ENTITY_DELIM_TOKENS = {
    "h": ("[E1S]", "[E1E]"),
    "t": ("[E2S]", "[E2E]")
}

# ====== MODEL TRAINING =====================================================

TRAIN_DATA_PATH = (
    "../dataset/train.json",
    "../dataset/val.json"
)

VAL_DATA_PATH = []

TRAINING_LOG_PATH = "logs/transformer_final_training.log"

BERT_MODEL = "bert-base-uncased"

ENTITY_TRANSFORMER_NUM_HEAD_VALS = (2,) # (2, 4, 8)

ENTITY_TRANSFORMER_FF_DIM_VALS = (256,) # (64, 128, 256)

ENTITY_TRANSFORMER_NUM_LAYER_VALS = (3,) # (1, 2, 3)

NUM_EPOCHS = 3

BATCH_SIZE = 16

LEARNING_RATE = 2e-5

DROPOUT_RATE = 0.1

USE_CLASS_WEIGHTING = True

MODEL_SAVE_PATH = "transformer.pt"

# ====== MODEL EVALUATION ===================================================

TEST_DATA_PATH = (
    "../dataset/test.json",
)

TESTING_LOG_PATH = "logs/transformer_testing.log"

# ====== MODEL DEMO =========================================================

RELATION_TO_DESCRIPTION_PATH = "../dataset/pid2name_filtered.json"

NUM_PRINTED_PREDICTIONS = 3

# ==============================================================================

# Transformer Model (ALWAYS RUN)

Our relation extraction transformer model is based off the architecture described in the paper: [Enriching Pre-trained Language Model with Entity Information for Relation Classification](https://dl.acm.org/doi/abs/10.1145/3357384.3358119).

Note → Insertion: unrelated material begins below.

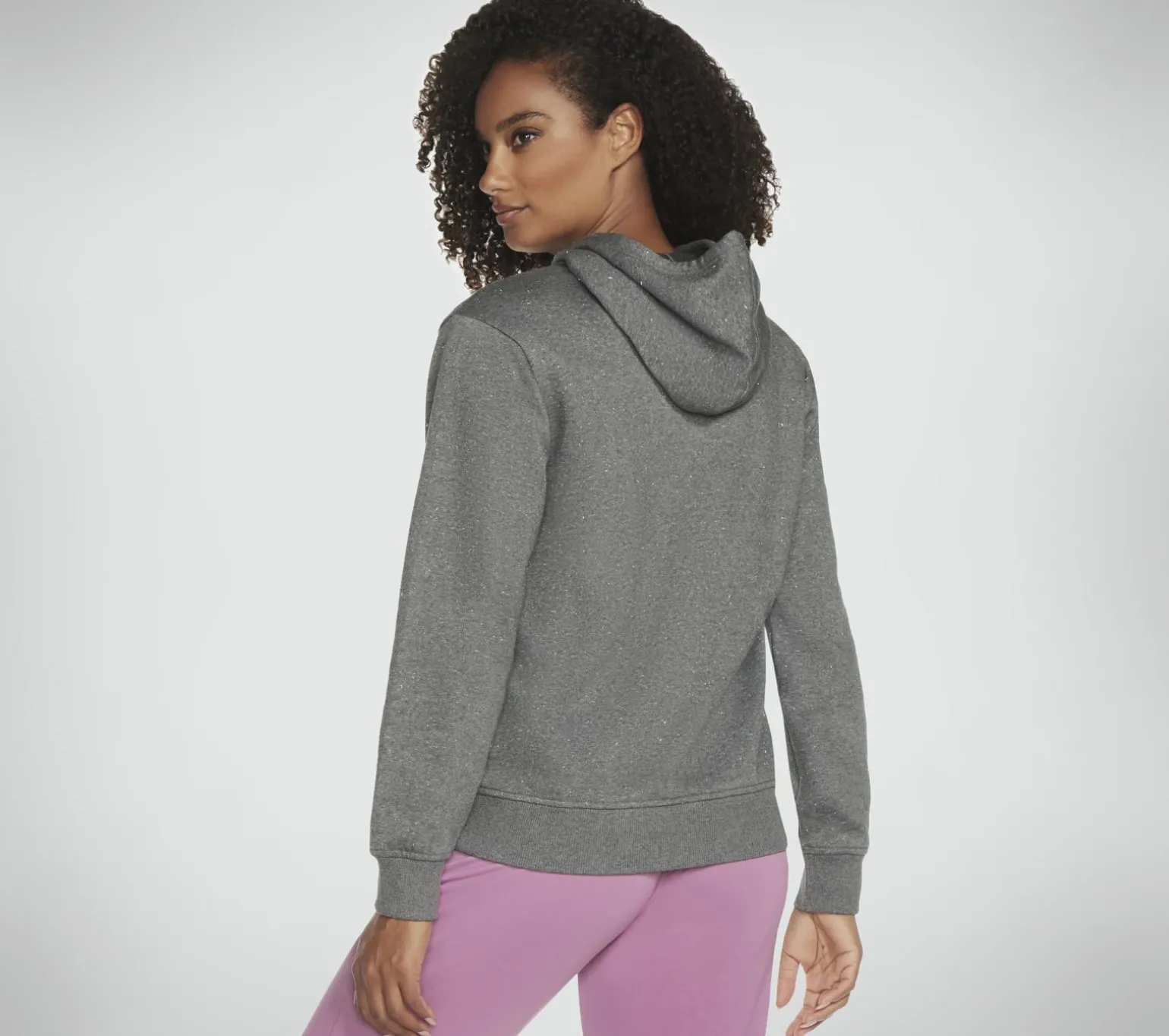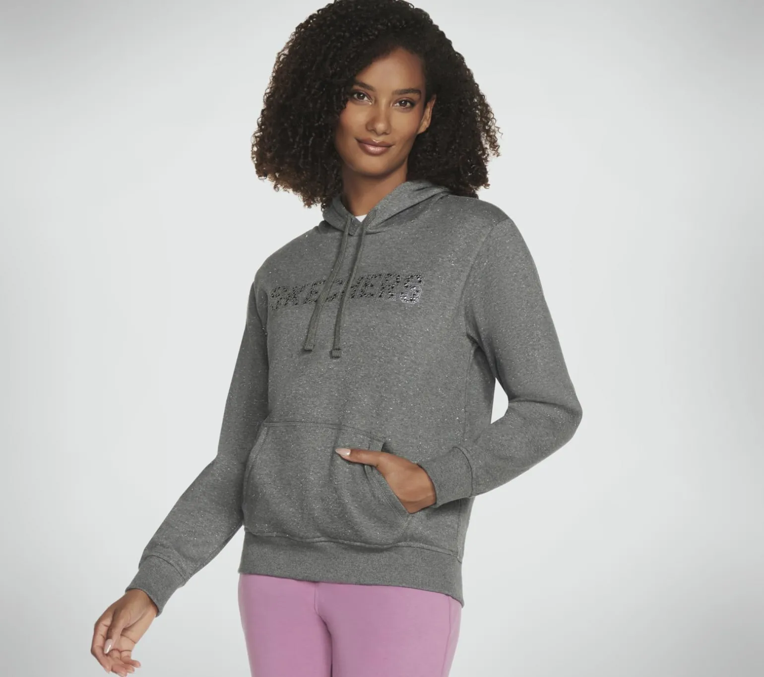 Add a touch of sparkle to your sporty leisure look wearing Skechers SKECH-SWEATS Shine Hoodie. This breathable pullover hoodie is made with heavyweight SKECH-SWEATS lurex fleece and features 2-inch ribbed cuffs and hem, a kangaroo pocket, and central rhinestone Skechers logo at the chest.

In our model, however, we have made a novel adaption by using weighted entity token averages in place of plain averages. To calculate the weights used during entity token averaging, we have inserted a new transformer encoder plus feedforward softmax layer into the architecture which takes entity token embeddings and outputs entity token weights.

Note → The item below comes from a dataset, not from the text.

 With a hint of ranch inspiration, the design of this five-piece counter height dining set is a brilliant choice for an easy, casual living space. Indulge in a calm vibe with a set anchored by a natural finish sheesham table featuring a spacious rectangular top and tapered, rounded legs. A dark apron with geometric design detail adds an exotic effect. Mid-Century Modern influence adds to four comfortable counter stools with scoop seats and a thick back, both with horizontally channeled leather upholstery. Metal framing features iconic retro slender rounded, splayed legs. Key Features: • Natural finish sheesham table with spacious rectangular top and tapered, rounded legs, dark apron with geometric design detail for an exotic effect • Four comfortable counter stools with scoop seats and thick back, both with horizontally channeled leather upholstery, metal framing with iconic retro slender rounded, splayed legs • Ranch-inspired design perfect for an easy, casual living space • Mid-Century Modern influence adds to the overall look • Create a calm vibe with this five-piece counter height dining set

We have made this adaption following the assumption that each token within an entity holds varying levels of importance regarding relation extraction. E.g. in the entity phrase "King of England", the word "of" is likely to be of less importance than the word "King" or "England".

In [1]:
from itertools import chain
import torch
import torch.nn as nn
from torch.nn.utils.rnn import (
    pad_sequence, pack_padded_sequence, pad_packed_sequence
)
from torch.utils.data import Dataset
from transformers import BertModel, BertTokenizer

# Relation Extraction model
class REModel(nn.Module):

    # Create BERT tokenizer and add special entity delimiter tokens
    def create_tokenizer(bert_model, entity_delim_tokens):
        REModel.tokenizer = BertTokenizer.from_pretrained(bert_model)
        REModel.tokenizer.add_special_tokens(
            {
                'additional_special_tokens': list(
                    chain.from_iterable(entity_delim_tokens.values())
                )
            }
        )

    # Tokenization function
    def tokenize(inputs):
        return REModel.tokenizer(
            inputs,
            padding=True,
            return_tensors="pt",
            return_token_type_ids=False
        )

    def __init__(
            self,
            bert_model,
            entity_delim_tokens,
            entity_transformer_nhead,
            entity_transformer_dim_ff,
            entity_transformer_num_layers,
            num_outputs,
            dropout_rate
    ):
        super(REModel, self).__init__()

        # Get entity delimiter token IDs
        self.entity_delim_ids = {}
        for entity_id, delim_tokens in entity_delim_tokens.items():
            self.entity_delim_ids[
                entity_id
            ] = REModel.tokenizer.convert_tokens_to_ids(delim_tokens)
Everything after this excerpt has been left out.